* **Exercise instructions**
Output, exactly as written, the lines below starting at the line containing "技能比拼结束后,全体人员移步" and ending at the line containing "Marc Le Bihan". Drop the pictures and keep both end lines.

* **Data listing**
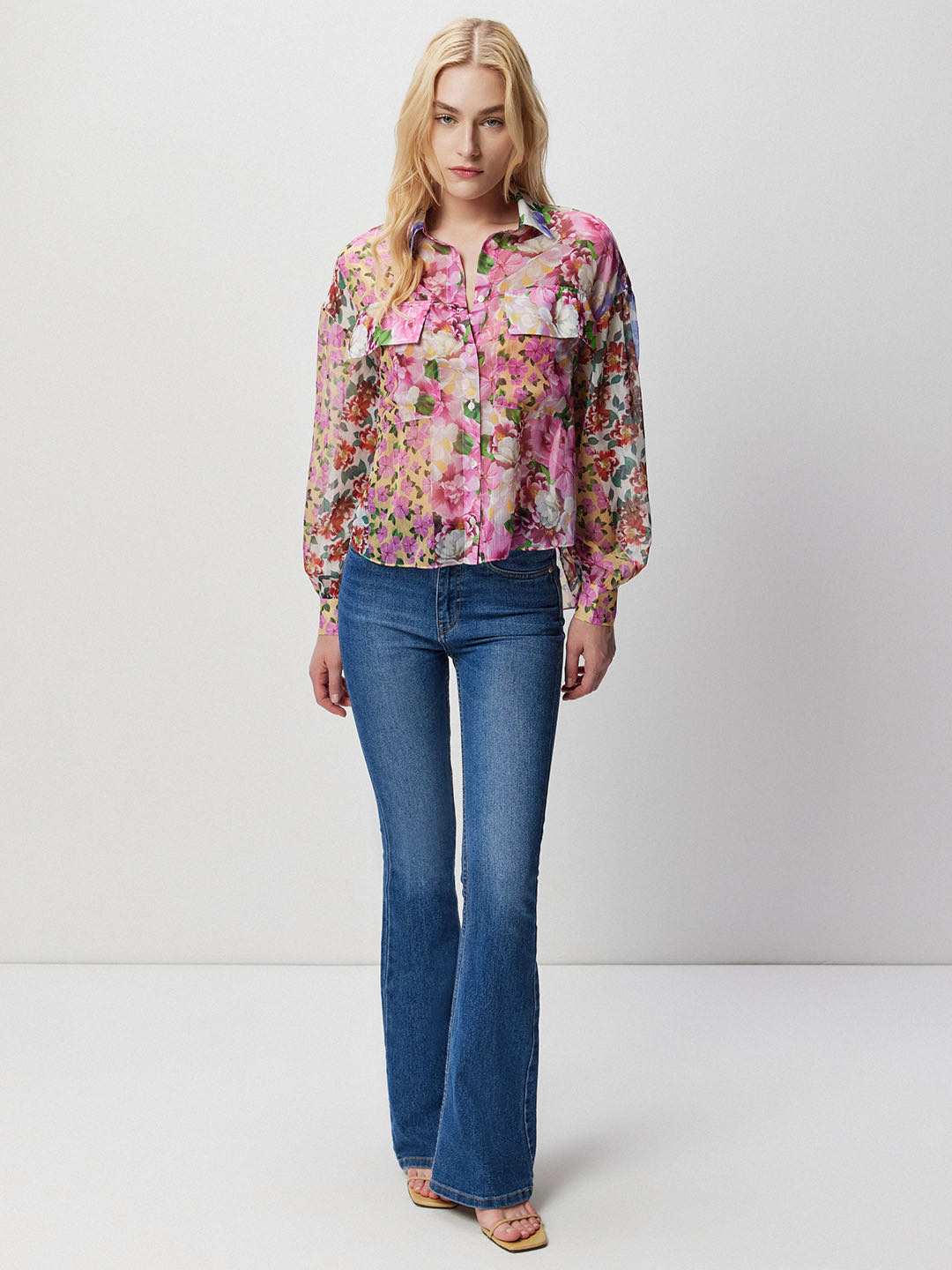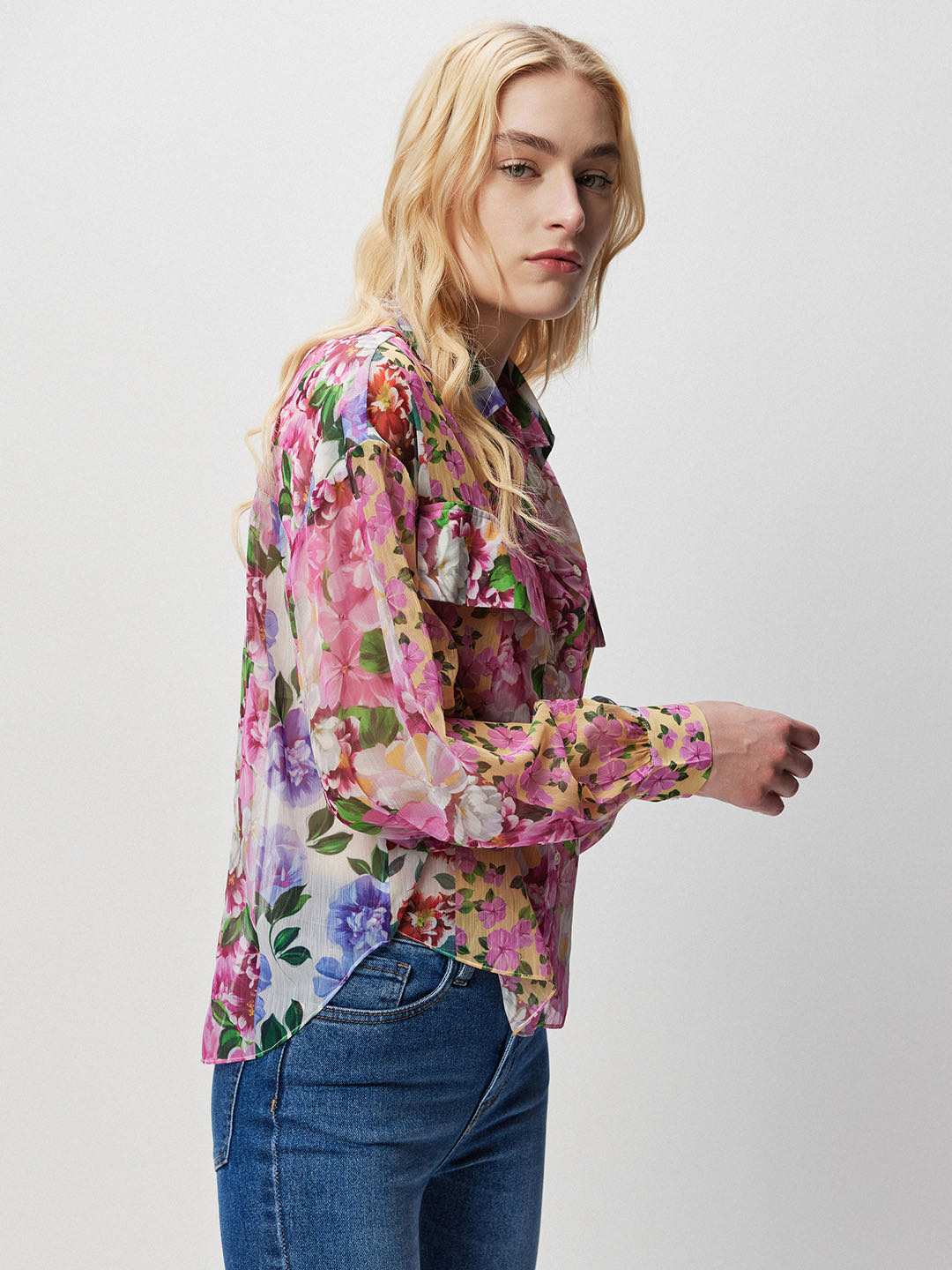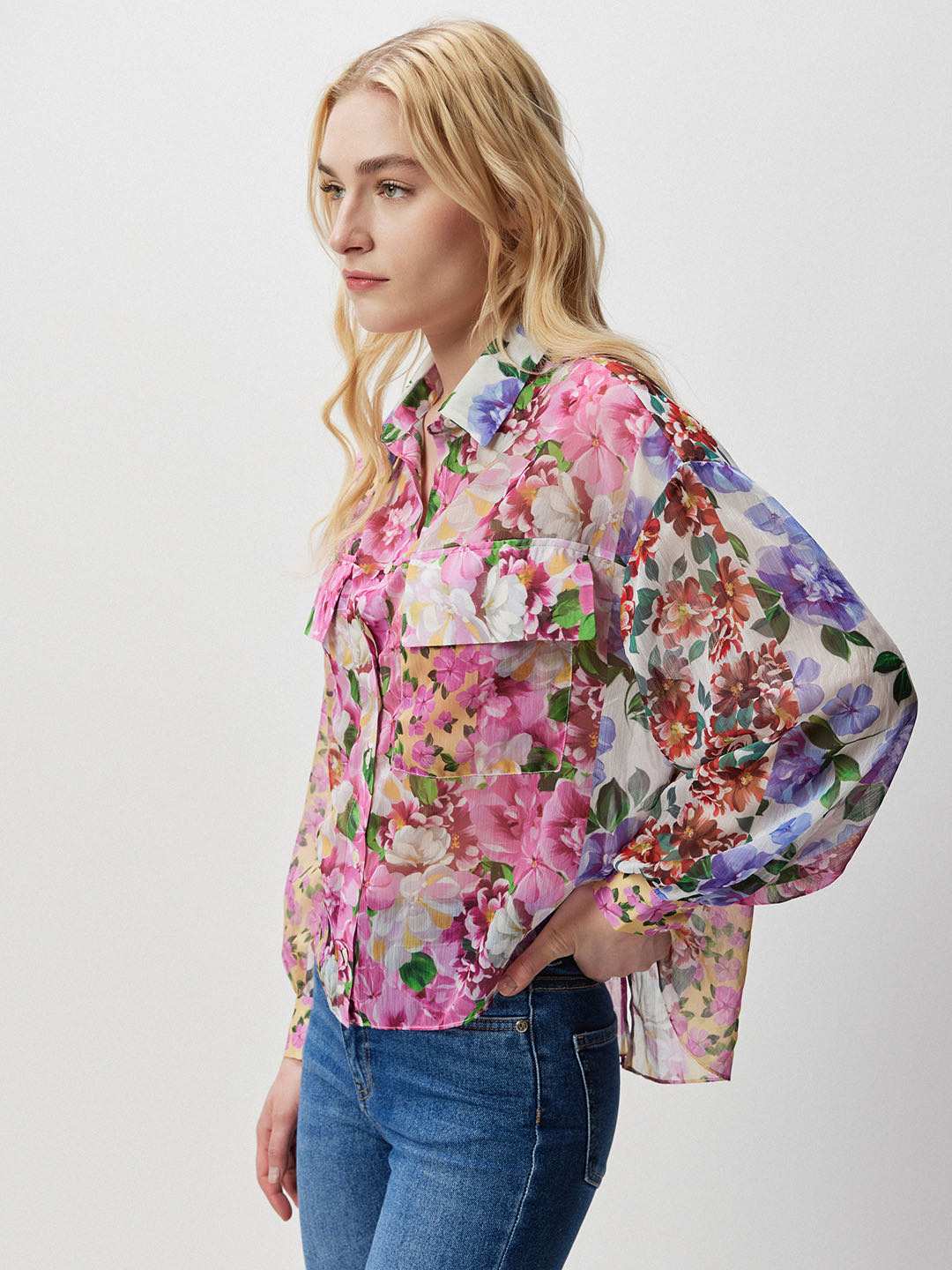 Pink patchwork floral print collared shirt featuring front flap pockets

---

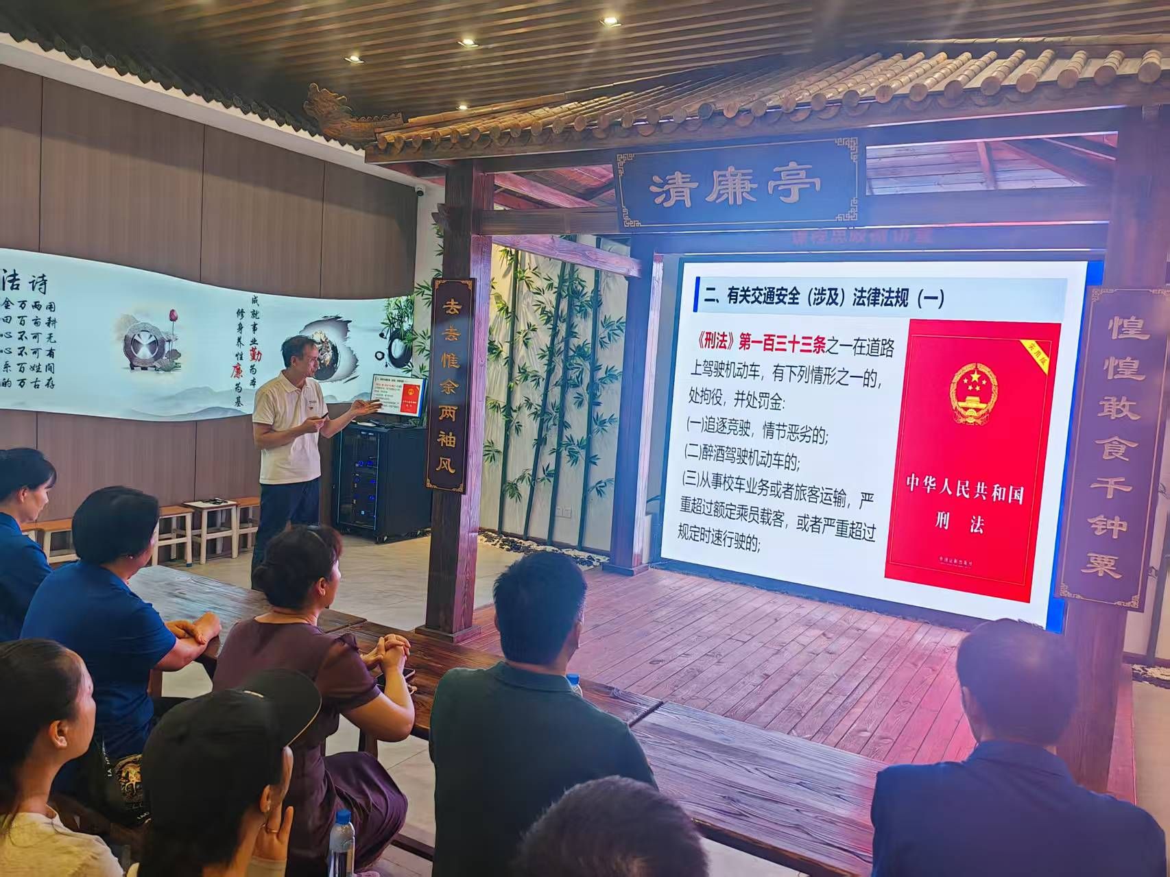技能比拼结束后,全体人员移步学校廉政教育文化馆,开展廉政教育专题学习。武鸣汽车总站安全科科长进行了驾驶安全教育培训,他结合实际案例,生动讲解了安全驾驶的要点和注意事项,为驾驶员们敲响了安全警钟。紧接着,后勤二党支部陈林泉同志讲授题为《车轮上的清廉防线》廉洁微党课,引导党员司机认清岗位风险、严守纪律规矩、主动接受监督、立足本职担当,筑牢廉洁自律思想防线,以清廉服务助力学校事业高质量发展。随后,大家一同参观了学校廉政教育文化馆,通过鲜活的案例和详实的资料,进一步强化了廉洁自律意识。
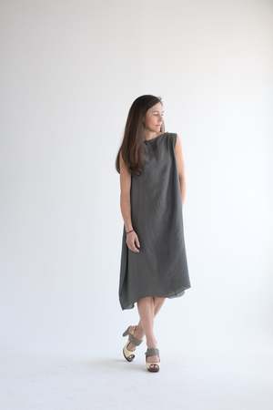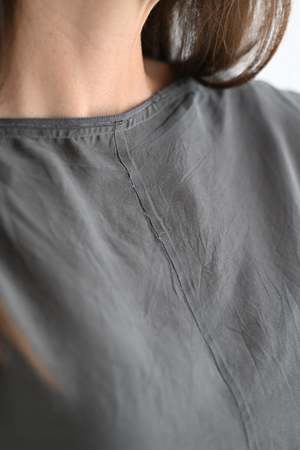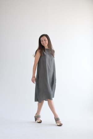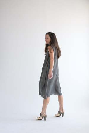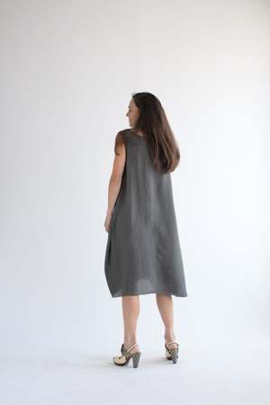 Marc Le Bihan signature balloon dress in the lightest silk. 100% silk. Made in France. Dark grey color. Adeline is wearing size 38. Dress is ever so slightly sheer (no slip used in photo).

* **Solution for this task**
技能比拼结束后,全体人员移步学校廉政教育文化馆,开展廉政教育专题学习。武鸣汽车总站安全科科长进行了驾驶安全教育培训,他结合实际案例,生动讲解了安全驾驶的要点和注意事项,为驾驶员们敲响了安全警钟。紧接着,后勤二党支部陈林泉同志讲授题为《车轮上的清廉防线》廉洁微党课,引导党员司机认清岗位风险、严守纪律规矩、主动接受监督、立足本职担当,筑牢廉洁自律思想防线,以清廉服务助力学校事业高质量发展。随后,大家一同参观了学校廉政教育文化馆,通过鲜活的案例和详实的资料,进一步强化了廉洁自律意识。
 Marc Le Bihan signature balloon dress in the lightest silk. 100% silk. Made in France. Dark grey color. Adeline is wearing size 38. Dress is ever so slightly sheer (no slip used in photo).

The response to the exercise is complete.